Может быть, это случилось не во второе и не в третье утро, может быть, даже не в четвертое и не в пятое. Откуда ему знать? Откуда ему знать, когда именно с несомненной ясностью ощутил он сладостное приближение? Когда оно по–настоящему началось? Ведь так расплывчато время… Он знал только, что однажды — может быть на второй день, а может быть, и на шестой — он ощутил, что присутствие снега стало заметнее, звук его яснее, и, наоборот, шаги почтальона глуше. Он не мог уже различить шагов не только за углом, но и у первого дома. Он услышал их только, когда почтальон опустился ниже первого дома, а через несколько дней уже ниже второго, а потом третьего. Постепенно и незаметно снег становился глубже, его шорох громче, а булыжник укутывался им всё теплее и теплее. И когда каждое утро, совершив ритуал прислушивания, он подходил к окну и обнаруживал всё ту же голую мостовую, это уже не имело значения. Он ведь, в конце концов, ждал этого. Это даже приносило ему радость и вознаграждение: это значило, что происшедшее принадлежало ему одному и никому больше. Никто больше и не догадывался об этом, даже его мать и отец. Там, снаружи, был голый булыжник, а здесь, внутри, снег. Снег с каждым днем становился глубже, укутывая собою мир, укрывая безобразные, но всё менее отчетливые — ведь в этом было главное — шаги почтальона.

— Мой маленький, — сказала она за завтраком, — что это на тебя напало? Ты совсем не слушаешь, когда к тебе обращаются. Я уже третий раз прошу тебя передать тарелку…

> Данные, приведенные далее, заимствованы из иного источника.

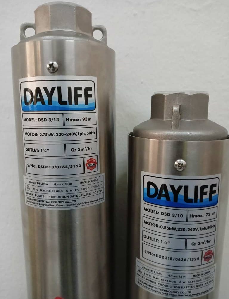 Comes with pump, 30m sub cable, control box, 100m poly pipe 32mm, cover plate, poly adapters & elbow, nylon rope, float switch, joint kit, rubber tape, insulation tape & surge protector.
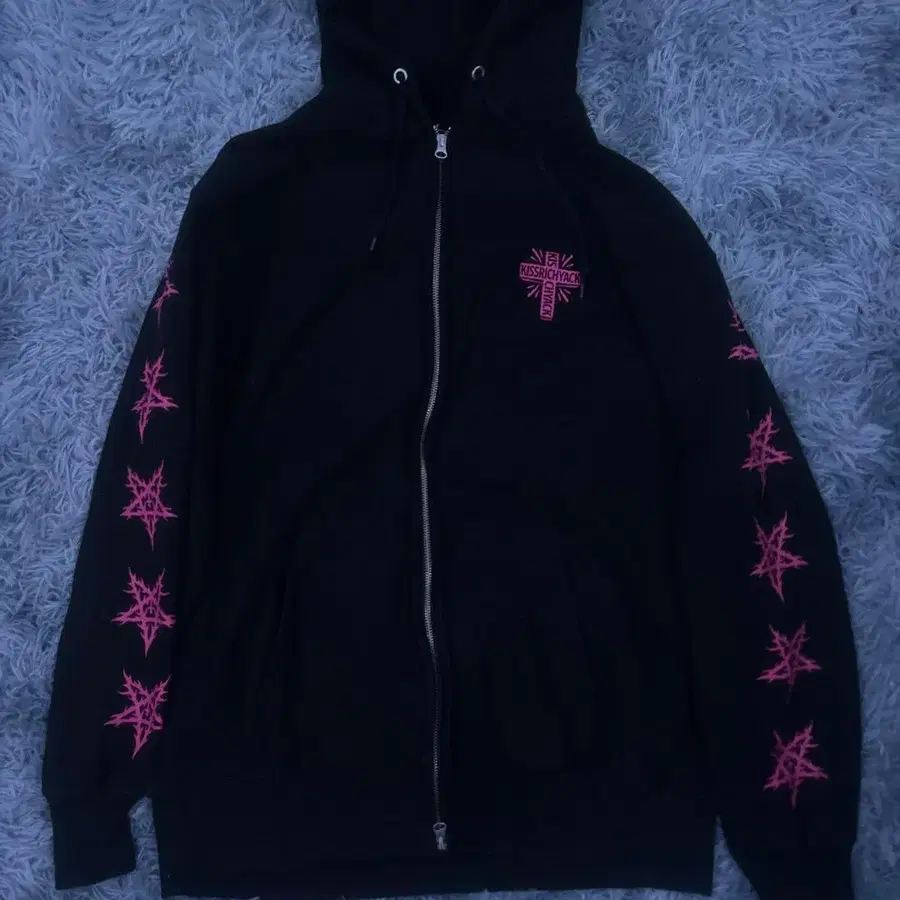 - 디자인: 앞면에 핑크 로고, 양쪽 소매에 핑크 별 패턴
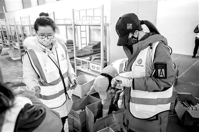 1月30日,得知武漢市青山區(qū)春暉社會工作服務(wù)中心招收民間志愿者,陶夢婷報名成為其中一員。她每天的工作都是“體力活”,將各地馳援的各類物資卸下來,再按要求分裝至各單位運輸車輛上。
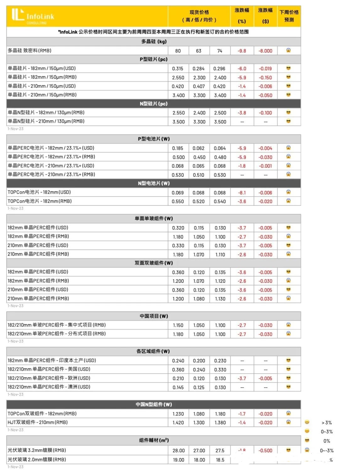 海外价格也将持续受到冲击,本周调整11月价格,11月中国出口执行价格约每瓦0.12-0.135元美金(FOB),亚太地区执行价格约0.12-0.13元美金。印度本地组件平均价格约每瓦0.2-0.24元美金。欧洲近期现货价格约在每瓦0.11-0.135欧元,价格有开始趋稳的迹象。值得注意海外需求询单已开始转换,明年厂家下半年报价PERC者较少。
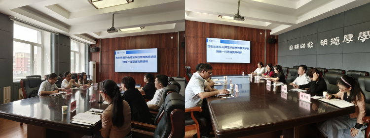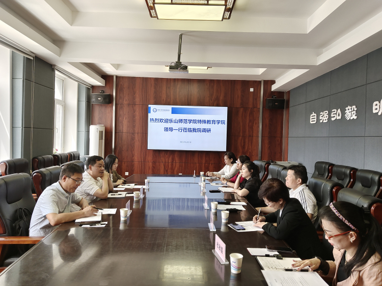 在调研座谈会上,刘宗泉介绍了本次主题教育两个主题调研的基本思考和打算,介绍了我校特殊教育事业发展的基本情况,指出了我校特殊教育历经33年发展至今面临的一些较为突出的瓶颈性问题,表达了向长春大学特殊教育学院学习并希望取到“真经”的愿望。赵利军对刘宗泉一行的到来表示欢迎,他介绍了长春大学特殊教育学院的基本情况,指出该院是中国残联与吉林省人民政府共建的国内第一所,同时也是亚洲第一所高等特殊教育学院,不仅开创了我国听障、视障群体接受高等教育的先河,而且构建并完善了我国听障、视障高等教育人才培养体系。他介绍了该院教学系设置,普通学生、不同类别残疾人学生就读的专业设置,各专业全国招生,近年招生报到,毕业生特别是残疾人本科和硕士毕业生就业等的基本情况。他指出,目前该院正在思考适度减少残疾人本科学生招生数量,扩大残疾人研究生招生规模,在错位发展中继续推动该院残疾人高等教育高质量发展的可行性、必要性,助力全国相关高校在不同类别、不同层次残疾人高等教育的特色发展。随后,长春大学特殊教育学院针灸推拿系主任赵忠伟、康复治疗系主任史勇、特殊教育系主任杜艳飞、艺术设计系主任杜秋磊分别介绍了各教学系专业设置、人才培养方案、招生规模、师资力量、教学运行、人才培养质量、学生创业就业等基本情况,还特别应询指出了残疾人大学生毕业“出口畅”和招生“入口旺”的正相关紧密联系,强调了残疾人高等教育专业人才培养方案基于“三回归”的生活性、职业性、应用型的重要性,为我校特殊教育相关专业人才培养方案的修订指明了方向和重点。会上,双方还就残疾人高等教育的拨款经费、师资队伍建设、教学运行管理、学生工作等进行了广泛深入交流。
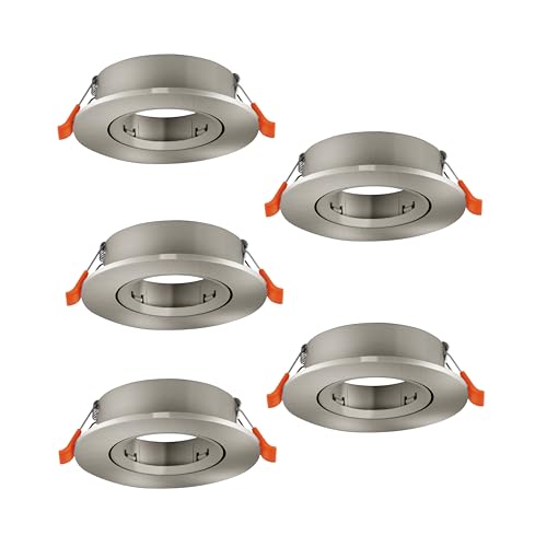EGLO Barranco Infällda taklampor i set om 5, svängbara spotlights, rund infälld spot utan glödlampa, takspotlight av silverfärgad plast, GU10-sockel, 9 cm i diameter
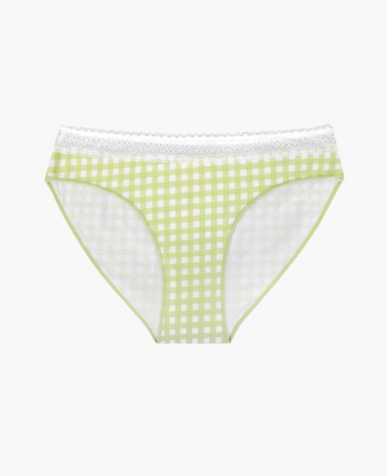 Женские трусы от торговой марки Индефини. Трусы-слипы из хлопка, бело-зеленого цвета, с принтом в клетку, с принтом сзади, с кружевным обрамлением, на мягкой резинке, средней посадки.
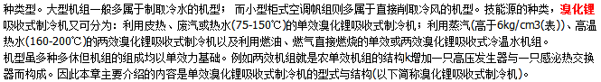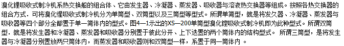 隨著溴化鋰吸收式制冷機(jī)的門益發(fā)展,新機(jī)型不斷出現(xiàn)。按制取冷量的形式,溴化鋰吸收式制冷機(jī)可分為制取冷水與冷風(fēng)兩、
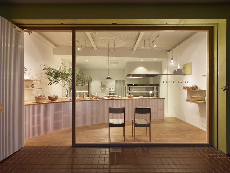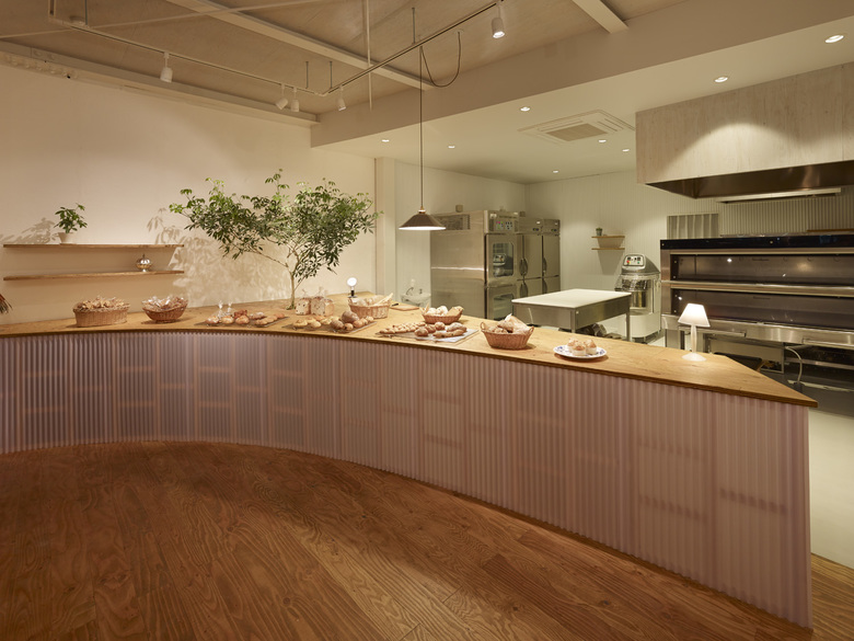 岐阜県岐阜市のパン屋さんのインテリア改装計画。ここでは厨房と売り場を等価と考え、それぞれの間に大きなテーブルのような台を挿入することとした。このテーブルは、パンを飾るディスプレイにもなれば、レジスペースにもなり、パンをスライスしたりこねたりする作業スペースになったり、店主は店の状況を常に把握しながら、パンの生産量に応じて様々な展開が可能となる。結果的にこのテーブルはパンの工房に伺うようなオープンな状態を生み、買い手とつくり手の間にコミュニケーションを生み出すものとなり、パンを焼いてから売るまでの過程をダイナミックに演出できる豊かな買い物空間となったのではないかと考える。
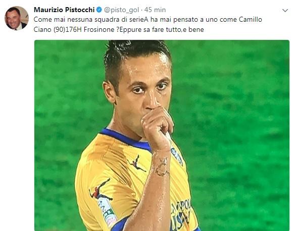 Il moviolista e collega di Premium Sport lo ha notato e non è il solo, perché il talento di Camillo Ciano era già chiaro da qualche anno. Il disappunto di Maurizio Pistocchi nel non veder valorizzato il ragazzo classe 1990, è stato espresso su Twitter dopo il 3-3 del suo Frosinone contro il Pescara nell’anticipo di Serie B. Ciano ha dimostrato di avere classe e duttilità, segnando una doppietta decisiva per regalare il pareggio alla sua squadra.

Как мог объяснить он это матери? или отцу? Конечно, он ничего не мог поделать, абсолютно ничего. Он мог только смущенно засмеяться, притвориться пристыженным, попросить прощения, внезапно проявить неискренний интерес к тому, что делалось или говорилось вокруг него. Кошка всю ночь была на улице. У него на щеке появилась какая‑то странная припухлость, может быть кто‑то ударил его или попал в него пальцем? Кэмптоны должны прийти на чай, но может и не придут. Нужно будет устроить генеральную уборку в среду вместо пятницы. Ему купят настольную лампу, чтобы он готовил уроки вечером — наверное, он перенапрягает глаза и поэтому стал таким рассеянным — мама говорила это и ещё что‑то, и смотрела на него, улыбаясь. Новую лампу? Новую лампу. Да, мама. Нет, мама, да, мама. В школе всё в порядке, с геометрией он справляется. А история скучная. За то на географии интересно, особенно когда говорят о Северном полюсе. Почему именно о Северном полюсе? Ну, хорошо бы стать исследователем. Как Пэри, или Скотт, или Шеклтон. И вдруг ему надоело разговаривать, он уставился на пудинг, слушал, ждал, и снова — какое блаженство, когда это приходит — слушать и ощущать — ведь не мог же он впрямь слышать его? — свой тайный, тихий снег.

(Мисс Бюэл рассказывала об открытии Северо–западного пролива, о Генрихе Гудзоне, Полумесяце).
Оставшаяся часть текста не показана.